The Court of Appeals’ April-May Session continues back at Court of Appeals Hall on Tuesday, May 2nd with three cases on the argument docket (the Court of Appeals’ case summaries can be found here). The Court will address the following issues: (1) whether the courts have long-arm personal jurisdiction over foreign residents and corporations that drafted and executed a contract in New York, but otherwise performed all dealings outside of New York; (2) whether a foreign corporation’s attendance in New York to promote its wine with a New York distributor was enough of a contact to find long-arm jurisdiction, where the dispute concerned the payment of commissions to a Spanish wine broker in Spain with euros; and (3) whether an agreement that provided for litigation of a particular dispute concerning the division of post-judgment interest from a settlement between an insurer and the insured was subject to binding arbitration, where the insurance contract required arbitration of disputes concerning the interpretation of the agreement.
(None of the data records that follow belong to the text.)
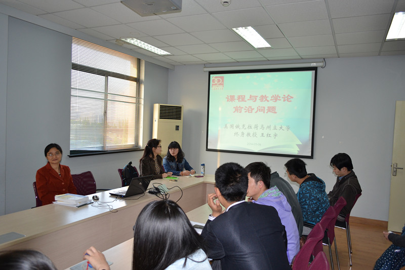 5月6日晚,系列讲座开讲。王红宇教授为我院的硕士生、博士生做了有关“Curriculum Studies Topics”的讲座。王红宇教授讲述了课程论的历史地位和发展轨迹,介绍了课程论在美国作为一门学科的兴起和发展历史以及课程论在美国再概念化的过程,如,Elaine Riley-Taylor的生态空间(Ecological space)概念,Robert Helfenbein的重要地理位置和课程空间(Critical geography and curriculum space)视角,以及创造性课程(Co-creative Curriculum)的内涵与实施等。同时,她还阐述了美国课程研究的前景,如中间地带模式(In-Between space)、交叉结合模式(Intersection)以及并列模式(Juxtaposition)等。这一系列讲座极大地促进了研究生对课程论在美国的演进与创新思路的把握,拓展了学习的思路,提升了研究的视野。
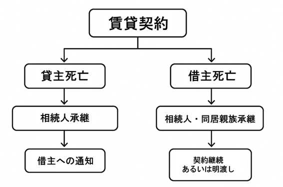 - 借主が亡くなった場合、契約は直ちに終了せず、相続人や同居親族が承継する場合がある
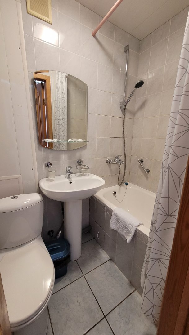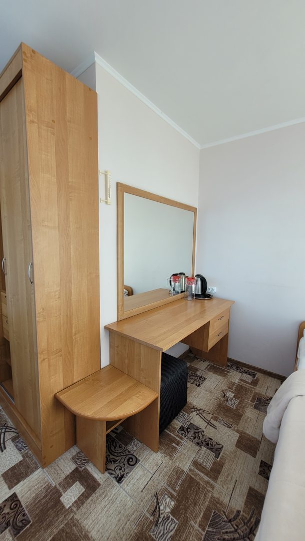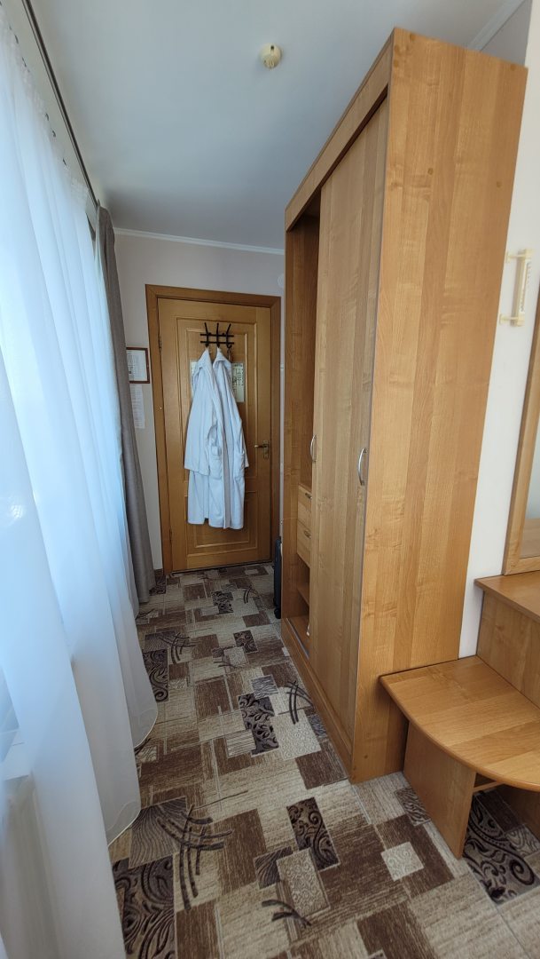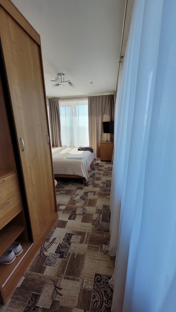 Хорошая трёшка старого фонда. В номере чисто, вполне уютно, есть всё необходимое, даже халаты, хотя тапочек не было. Кулер с водой на этаже. Большой плюс номера - это панорамный вид. И сам номер был на 11-м этаже. Всегда прошу этаж повыше. Персонал вежливый, приветливый.
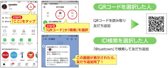 ご利用にあたってはLINEアプリをインストールしてください。LINEのご利用には、スマートフォン、タブレット端末などのLINEアプリを起動できる環境が必要です。LINEアプリを起動後、QRコードまたはID検索で「suetown」を検索し、須恵町のLINE公式アカウントを友だち追加します。
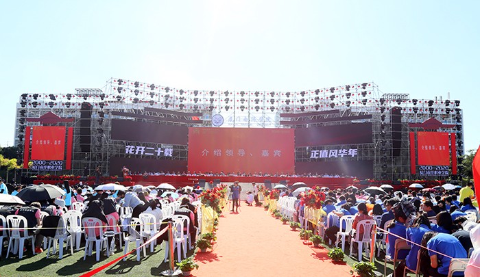 2020年11月26日,厦门南洋学院在学校田径场召开建校20周年庆祝大会。各级领导、长期关心支持南洋学院的社会各界代表、国内外高校代表、海内外校友代表和在校师生隆重集会,庆祝南洋学院建校20周年。
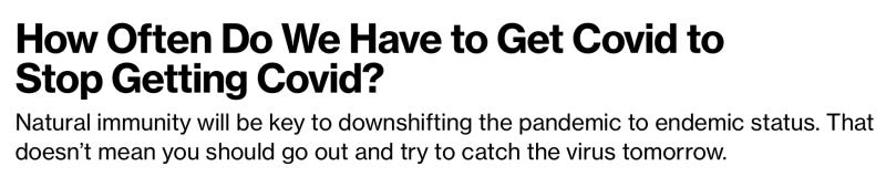 And here we are all this time later and top headlines are finally admitting what should have been obvious from the beginning. For a virus this prevalent, it ends with widespread natural immunity. Here’s the Bloomberg headline:

No. 62             Wilson v Dantas

It’s long-arm jurisdiction day at the Court of Appeals today, as two cases argued test the length to which minimum contacts must be established before the New York courts can exercise personal jurisdiction over a dispute.

In Wilson, the plaintiff devised a plan to allow Citibank to invest in Brazilian companies that were being privatized.  As part of the plan, Wilson and the defendant, Daniel Valente Dantas, formed Opportunity Equity Partners, Ltd. (OEP) to manage the investments, and Citibank’s lawyers in New York drafted an operating agreement, limited partnership agreement, and shareholder agreement, all of which were executed in New York.  Under the shareholder agreement, Wilson alleged he was entitled to receive 5 percent of OEP’s profits for the Brazilian investments. Only a year after setting up the entities, Citibank sued Dantas and OEP, and reached a confidential settlement.

Wilson then brought this breach of contract and fiduciary duty action against Dantas and OEP, alleging that his profits were distributed to others in the Citibank settlement. The defendants moved to dismiss for lack of personal jurisdiction and forum non conveniens.  Supreme Court dismissed, holding it lacked long-arm jurisdiction over the defendants.

The Appellate Division, First Department, however, modified with one Justice dissenting, and held that it had long-arm jurisdiction and rejected the forum non conveniens defense. The Court held that although the case involved application of Cayman Islands law and non-resident parties, the investment plan was devised in New York, the corporate entities were formed in New York, the witnesses are largely in New York, and the lack of a jury trial in Brazil or the Cayman Islands would cause hardship to Wilson. The dissenter pointed out that the only ties to New York were the execution of the agreements, which are governed by foreign law, and more compellingly, the parties are residents of Brazil where all of the transactions took place.  So, the dissenter would have affirmed the dismissal of the suit.

The Appellate Division, First Department’s order can be found here.

No. 63             D&R Global Selections, S.L. v Bodega Olegario Falcon Pineiro

In D&R Global Selections, a Spanish wine broker brought this breach of contract action after a well-known Spanish winery stopped paying commissions for arranging the importation of the defendant’s wine to New York.  After the broker found the winery a New York distributor, the winery paid commissions to the broker for almost two years and then entered an exclusive distribution agreement with the distributor directly.  The winery paid the broker commissions in Spain with euros, but did appear in New York during the two years to promote its wine.

Supreme Court issued a default judgment against the winery when it declined to appear, and then denied the winery’s motion to vacate the default and to dismiss for lack of personal and subject matter jurisdiction. The Appellate Division, First Department vacated the default, but declined to dismiss the case, holding that it was possible that long-arm jurisdiction could be established if it could be shown that the winery transacted business in New York.

On remand, Supreme Court denied the winery’s motion for summary judgment, holding that the broker might be able to establish subject matter jurisdiction under Business Corporation Law § 1314(b)(4), which permits the exercise of jurisdiction over a foreign corporation under CPLR 302, that is, a corporation that transacts business in New York or contracts anywhere to supply goods in the state.

The Appellate Division, First Department, however, reversed and dismissed the suit. Business Corporation Law § 1314(b)(4) did not apply, the Court held, because although the winery’s visits to New York to promote its wines were the transaction of business in New York, there was no substantial nexus between the claim for unpaid commissions in Spain and those contacts to New York.

The Appellate Division, First Department’s order can be found here.